◆ ASSIGNMENT ◆
Pictures should be excluded; otherwise, copy every entry exactly.

◆ WORKING DATA ◆
"""
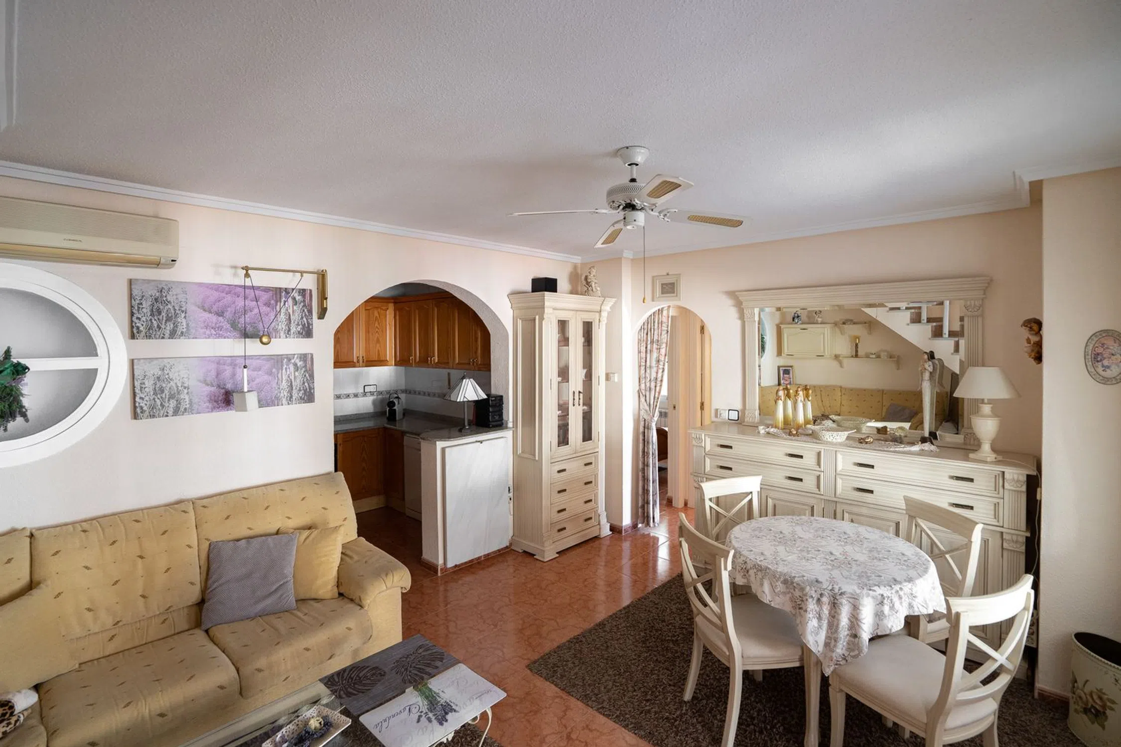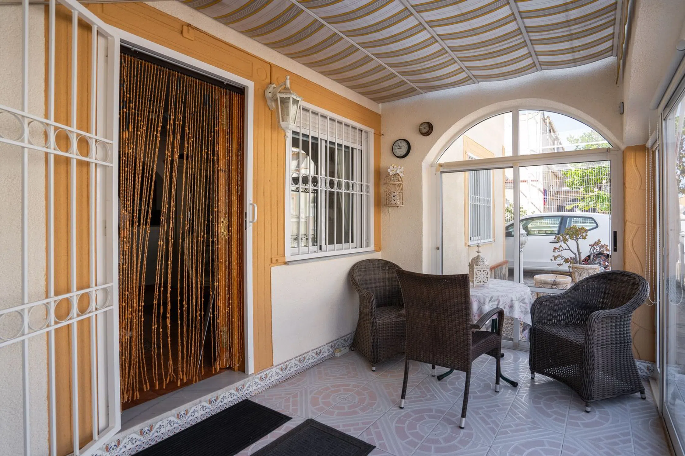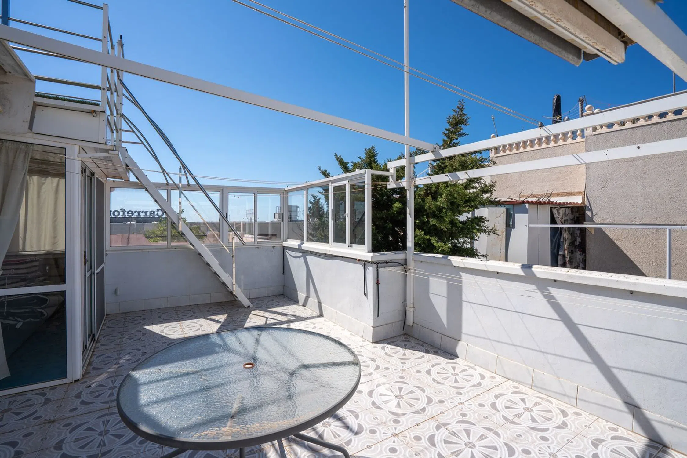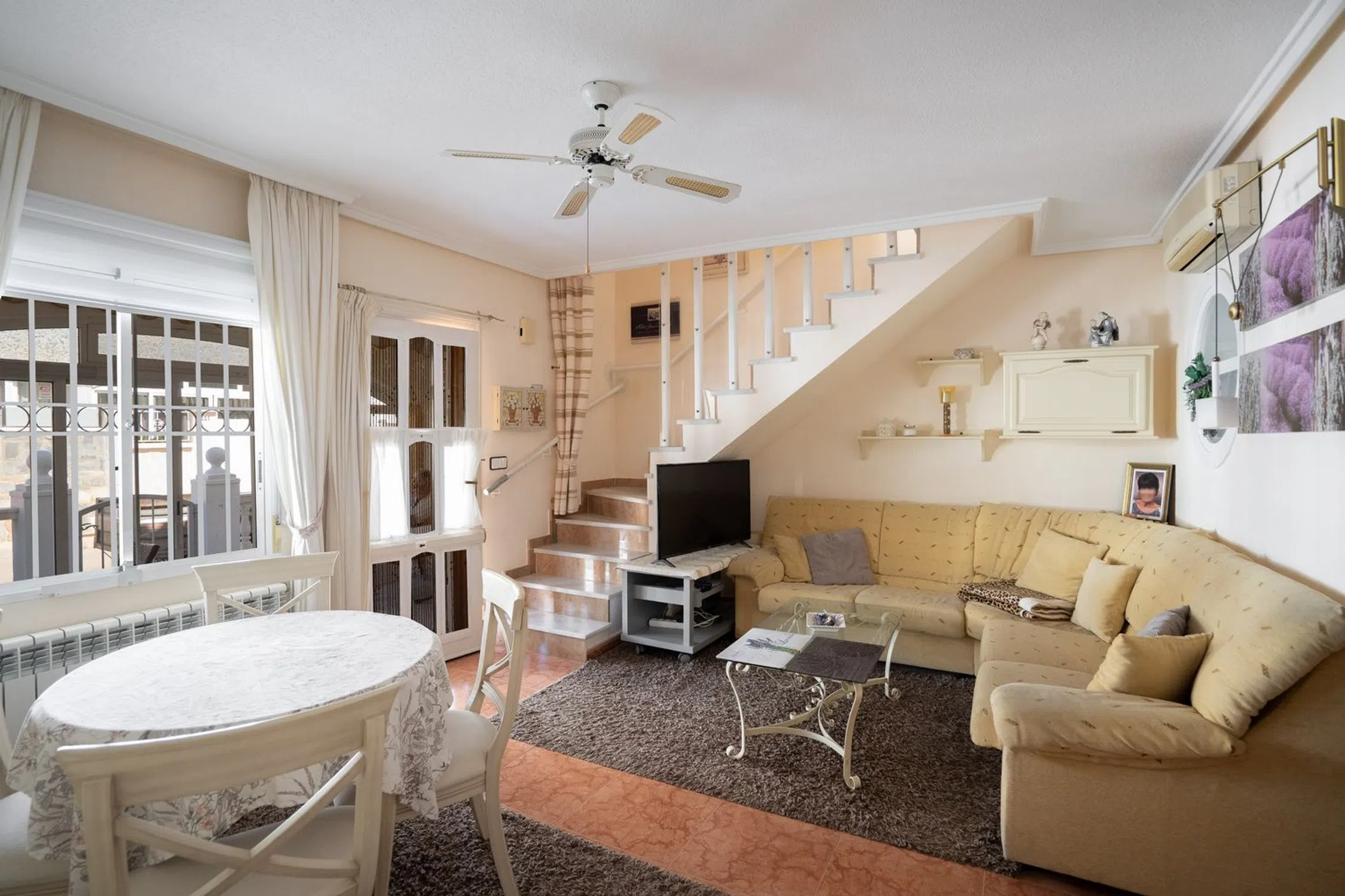 En SkandiaMäklarna en Torrevieja estamos encantados de poder mostrarle esta encantadora casa en una de las zonas más populares de Orihuela Costa, Playa Flamenca. La casa consta de dos plantas. En la planta baja hay un terreno y una terraza acristalada. También puedes aparcar tu coche en la propiedad. La terraza acristalada conduce a la sala de estar con la cocina abierta y el lavadero asociado. Esta planta dispone de dos dormitorios y un baño. En la planta superior hay un dormitorio, un invernadero acristalado y una amplia terraza. Desde esa terraza también se puede subir a una torre mirador con una bonita vista del mar Mediterráneo y sus alrededores. La casa está bien mantenida y pertenece a una bonita comunidad que tiene dos áreas de piscina compartidas. La casa está situada en una zona animada todo el año y hay una amplia oferta de restaurantes, bares, tiendas y todos los servicios necesarios para su estancia en la zona, ya sea permanente o vacacional. La playa más cercana se encuentra a unos 5-7 minutos en bicicleta y a poca distancia a pie o en bicicleta se encuentra el centro comercial más grande de la costa, Zenia Boulevard, así como el mercado de los sábados, que se celebra todas las semanas durante todo el año. Además de las tiendas de lujo, la zona también ofrece karts, bolos, un casino, parques acuáticos o puede jugar 18 hoyos en uno de los 4 campos de golf cercanos. Para aquellos que quieran estar cerca de todo y poder disfrutar del sol en preciosas terrazas. Bienvenido a casa.
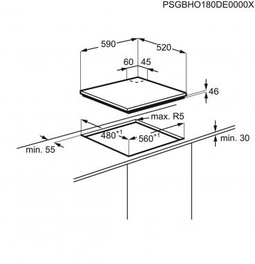 Valmistage töötasapinna väljalõige täpselt vastavalt näidatud mõõtmetele 560×480 mm.
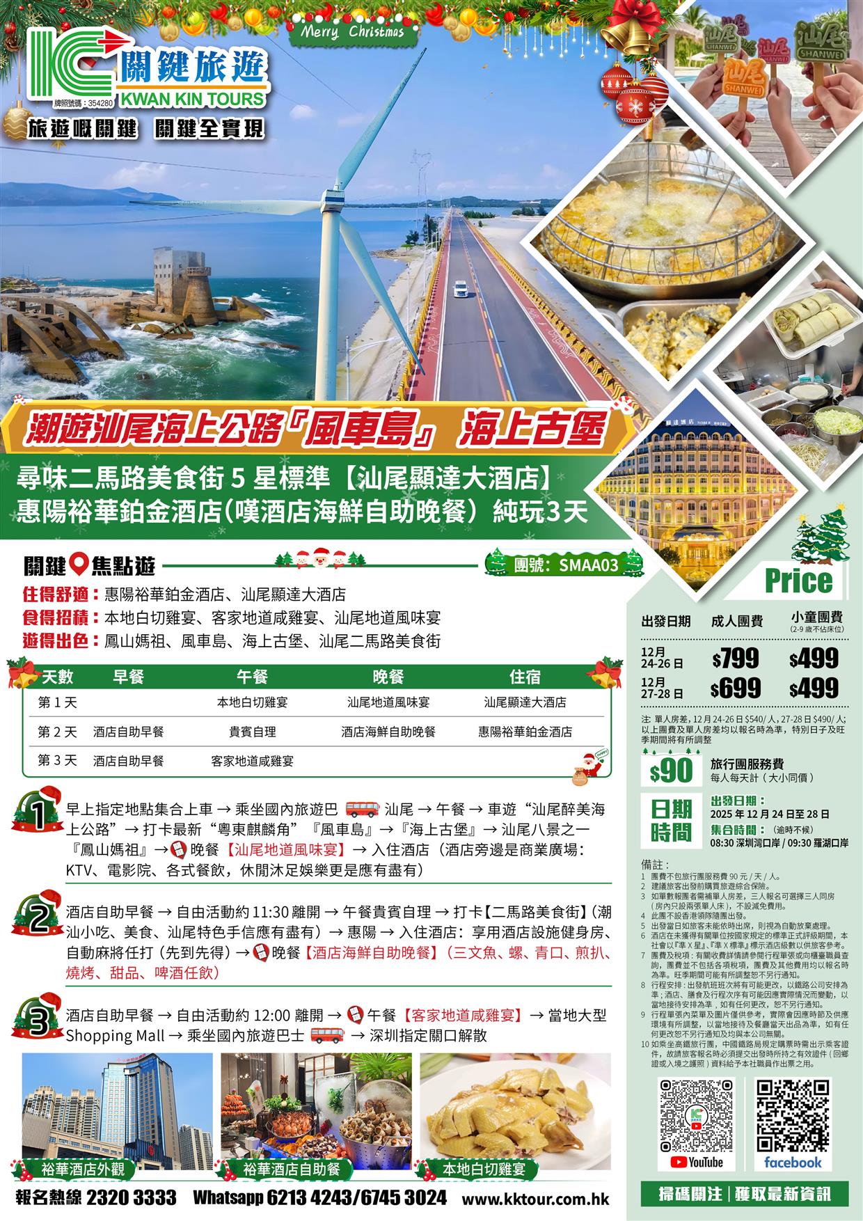 (聖誕加班)潮遊汕尾海上公路『風車島』、海上古堡 汕尾顯達大酒店+惠陽裕華鉑金酒店 純玩3天
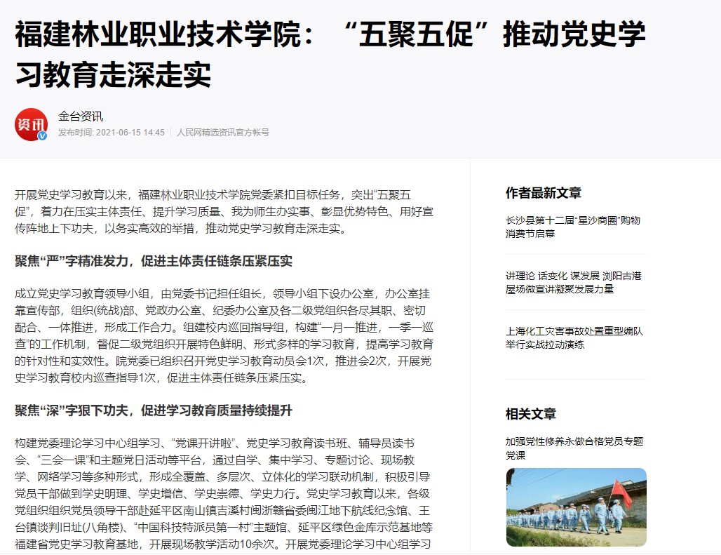 开展党史学习教育以来,福建林业职业技术学院党委紧扣目标任务,突出“五聚五促”,着力在压实主体责任、提升学习质量、我为师生办实事、彰显优势特色、用好宣传阵地上下功夫,以务实高效的举措,推动党史学习教育走深走实。
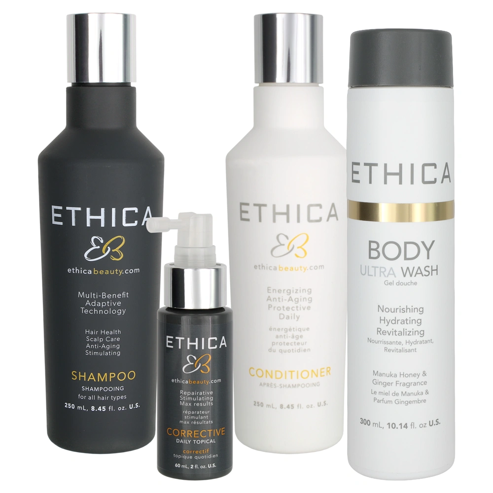 The Ethica Corrective Head to Toe Set features the Ethica Anti-Aging Daily Shampoo and Conditioner, the Body Ultra Wash, and the Corrective Daily Topical to provide you with a plant-based solution for hair, scalp, and skin care. This collection is ideal for those with moderate to advanced hair thinning, and leaves hair fuller and denser!
"""
◆ SOLUTION ◆
 En SkandiaMäklarna en Torrevieja estamos encantados de poder mostrarle esta encantadora casa en una de las zonas más populares de Orihuela Costa, Playa Flamenca. La casa consta de dos plantas. En la planta baja hay un terreno y una terraza acristalada. También puedes aparcar tu coche en la propiedad. La terraza acristalada conduce a la sala de estar con la cocina abierta y el lavadero asociado. Esta planta dispone de dos dormitorios y un baño. En la planta superior hay un dormitorio, un invernadero acristalado y una amplia terraza. Desde esa terraza también se puede subir a una torre mirador con una bonita vista del mar Mediterráneo y sus alrededores. La casa está bien mantenida y pertenece a una bonita comunidad que tiene dos áreas de piscina compartidas. La casa está situada en una zona animada todo el año y hay una amplia oferta de restaurantes, bares, tiendas y todos los servicios necesarios para su estancia en la zona, ya sea permanente o vacacional. La playa más cercana se encuentra a unos 5-7 minutos en bicicleta y a poca distancia a pie o en bicicleta se encuentra el centro comercial más grande de la costa, Zenia Boulevard, así como el mercado de los sábados, que se celebra todas las semanas durante todo el año. Además de las tiendas de lujo, la zona también ofrece karts, bolos, un casino, parques acuáticos o puede jugar 18 hoyos en uno de los 4 campos de golf cercanos. Para aquellos que quieran estar cerca de todo y poder disfrutar del sol en preciosas terrazas. Bienvenido a casa.
 Valmistage töötasapinna väljalõige täpselt vastavalt näidatud mõõtmetele 560×480 mm.
 (聖誕加班)潮遊汕尾海上公路『風車島』、海上古堡 汕尾顯達大酒店+惠陽裕華鉑金酒店 純玩3天
 开展党史学习教育以来,福建林业职业技术学院党委紧扣目标任务,突出“五聚五促”,着力在压实主体责任、提升学习质量、我为师生办实事、彰显优势特色、用好宣传阵地上下功夫,以务实高效的举措,推动党史学习教育走深走实。
 The Ethica Corrective Head to Toe Set features the Ethica Anti-Aging Daily Shampoo and Conditioner, the Body Ultra Wash, and the Corrective Daily Topical to provide you with a plant-based solution for hair, scalp, and skin care. This collection is ideal for those with moderate to advanced hair thinning, and leaves hair fuller and denser!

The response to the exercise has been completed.